IL FATTO - Il monito dell'abate di Montecassino nel Te Deum di fine anno: "Tanti non riescono a pagare le utenze e a fare la spesa. Ascoltiamo anche questi nostri fratelli e sorelle, se vogliamo che le nostre comunità siano davvero casa e scuola di comunione perché quest’ultima non può sopportare che qualcuno ne rimanga escluso"

di Francesca Messina

Ascolto, dialogo e discernimento, queste le tre parole fondamentali​ pronunciate dall'Abate dell'Abbazia di Montecassino, dom Donato Ogliari, durante il Te Deum. L'Alto Prelato, attraverso questi tre punti, ha stilato un bilancio dell'anno che si è appena concluso e nello stesso tempo ha voluto inviare un messaggio per l'anno che è appena iniziato.

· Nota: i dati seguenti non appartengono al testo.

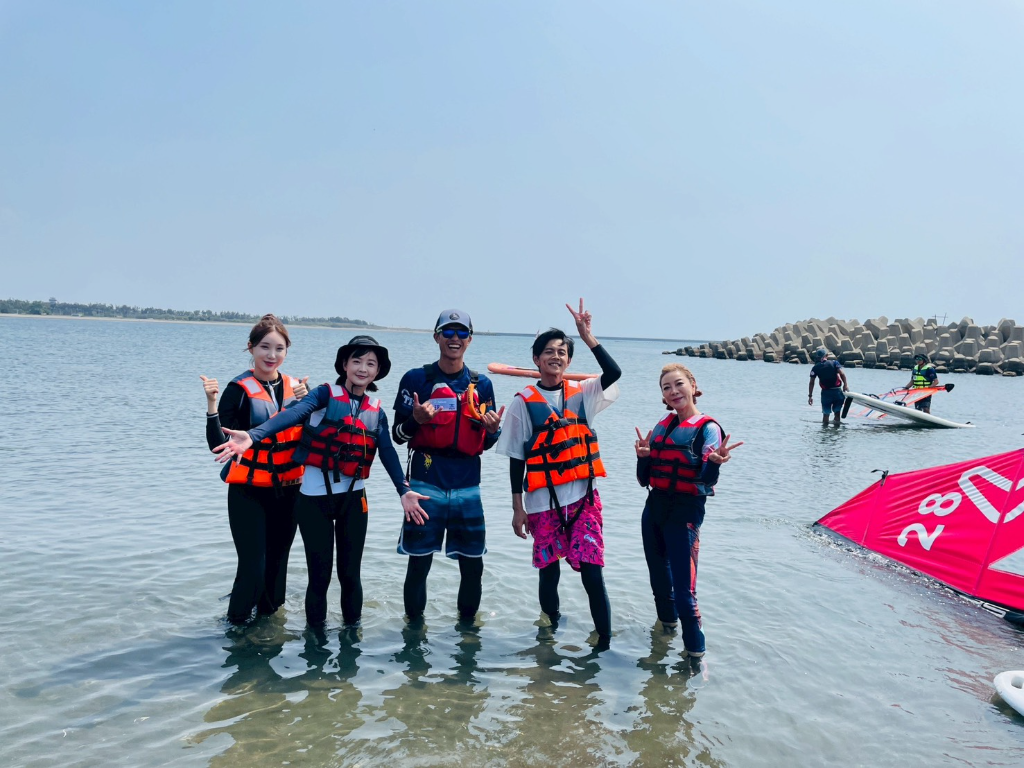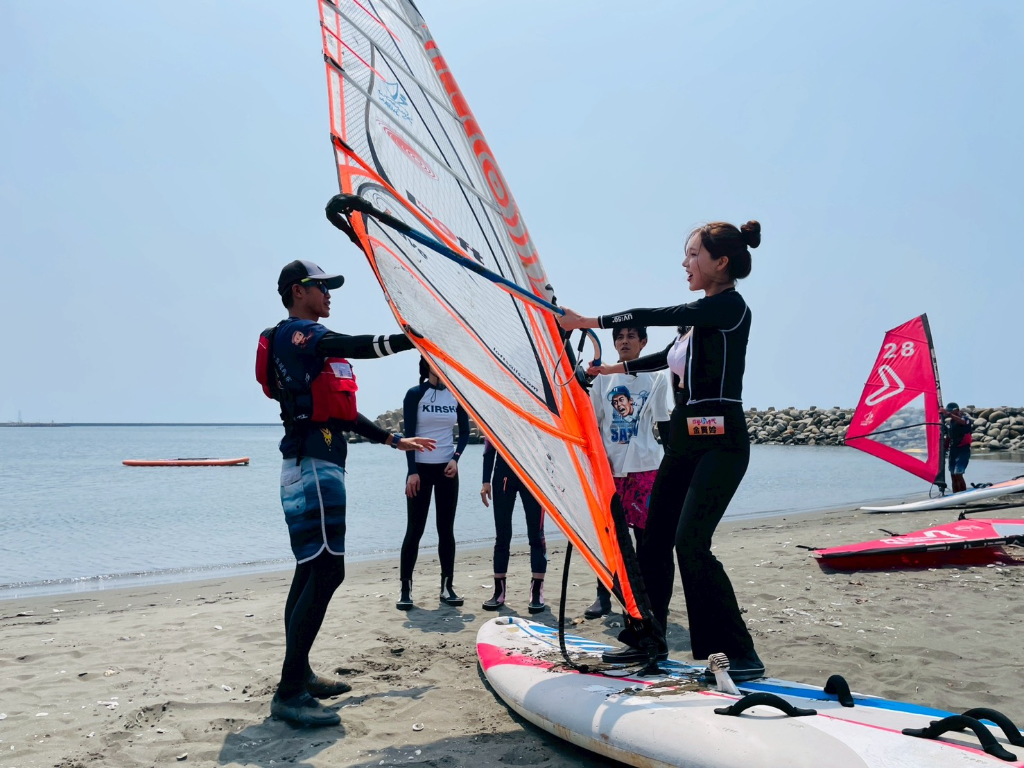 來到漁光島體驗被稱為「20世紀最好玩的水上運動」的風浪板,原本大家還以為只是衝浪板加上一片帆,沒想到真正站上板子後,不但要隨時抓風、維持平衡,還得學會跌倒時保護頭部,金賢姈雖然一開始自稱玩過一次,是大家的「學姐」,但真正下水後還是緊張到頻頻尖叫,反倒是籃籃和阿翔意外迅速上手,成功在海面上穩穩前進,帥氣模樣讓岸上的人狂拍手,籃籃更笑說:「當你真的抓到方向,就好像可以駕馭風,也找到人生的方向!」
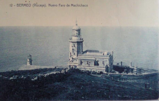 EL PRIMER FARO DE MATXITXAKO (FARU ZARRA): FARO que solo se conserva en pie la torre. Se inauguró el 21 de agsto de 1852. El ingeniero encargado de las obras fue D. Félix Uhagon y el aparejador de las mismas, D. Juan Martínez Aparicio y en aquel tiempo costó 132.531 reales el edificio, más 234.796 reales el aparato óptico. La torre es de piedra sillar procedente de las canteras de Durango. El edificio contiguo a la torre, del que solo se conserva su forma rectangular en el suelo, disponía de habitaciones y almacenes. La torre disponía de una preciosa linterna que ya no está, y alcanzaba la altura de 14 metros, a 79 metros sobre el nivel del mar. La clase de luz era fija blanca con destellos de 4 en 4 segundos, alcanzando la 23 millas, el de mayor alcance en la época. Era atendido por tres torreros y se mantuvo en activo hasta diciembre de 1909.
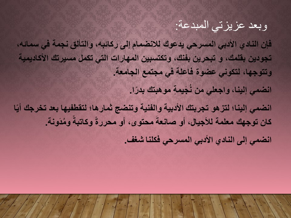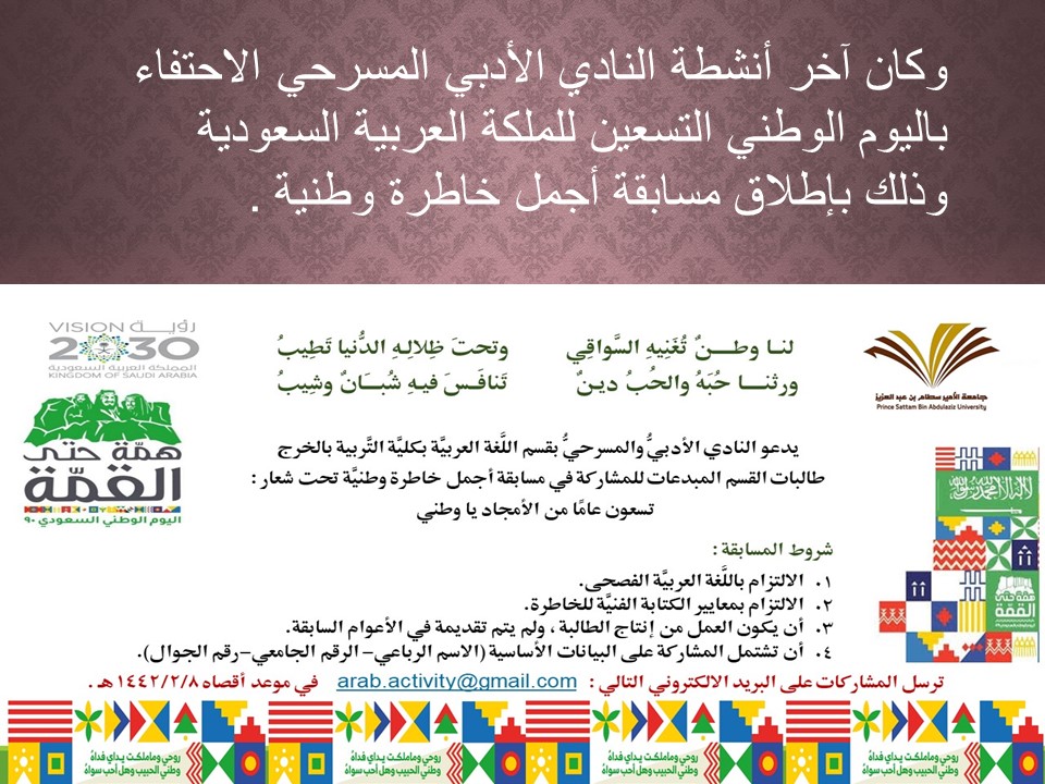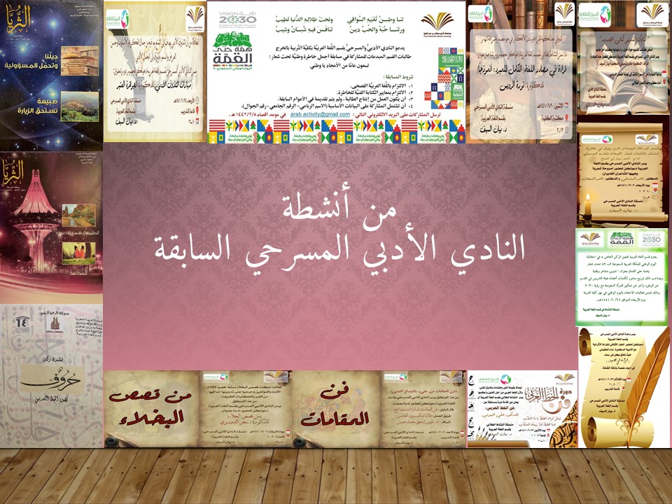 أقام قسم اللغة العربية ممثلاً بمنسقة النادي الأدبي المسرحي الأستاذة مارية القرعاوي ،في يوم الثلاثاء الموافق 19/2/1442هـ، بحضور مجموعة من طالبات الكلية حملة تعريفية بالنادي الأدبي المسرحي ورؤيته ورسالته وأهدافه وأنشطته السابقة على منصة زووم وقد قدمت العرض التعريفي بهذه الحملة الطالبتان المشاركتان في عضوية النادي الأدبي المسرحي : رهف الخليوي وطيف العنزي وقد أُعلِن عن إقامة هذه الحملة عبر حساب وحدة العمل الطلابي على تويتر . وتهدف الحملة للتعريف بالنادي الأدبي المسرحي لطالبات الكلية ودعوتهن للانضمام إليه.

Non sono mancati i passaggi sull'emergenza sanitaria da Lui definita come fonte di ansia e di preoccupazione, sui malati, bambini, diversamente abili, sulla crisi economica, sulla povertà e sulla solitudine scaturita anche dalla pandemia. "Per questo nuovo anno chiediamo al Signore un cuore che sappia ascoltare, dialogare e discernere", questo l'annuncio di dom Ogliari.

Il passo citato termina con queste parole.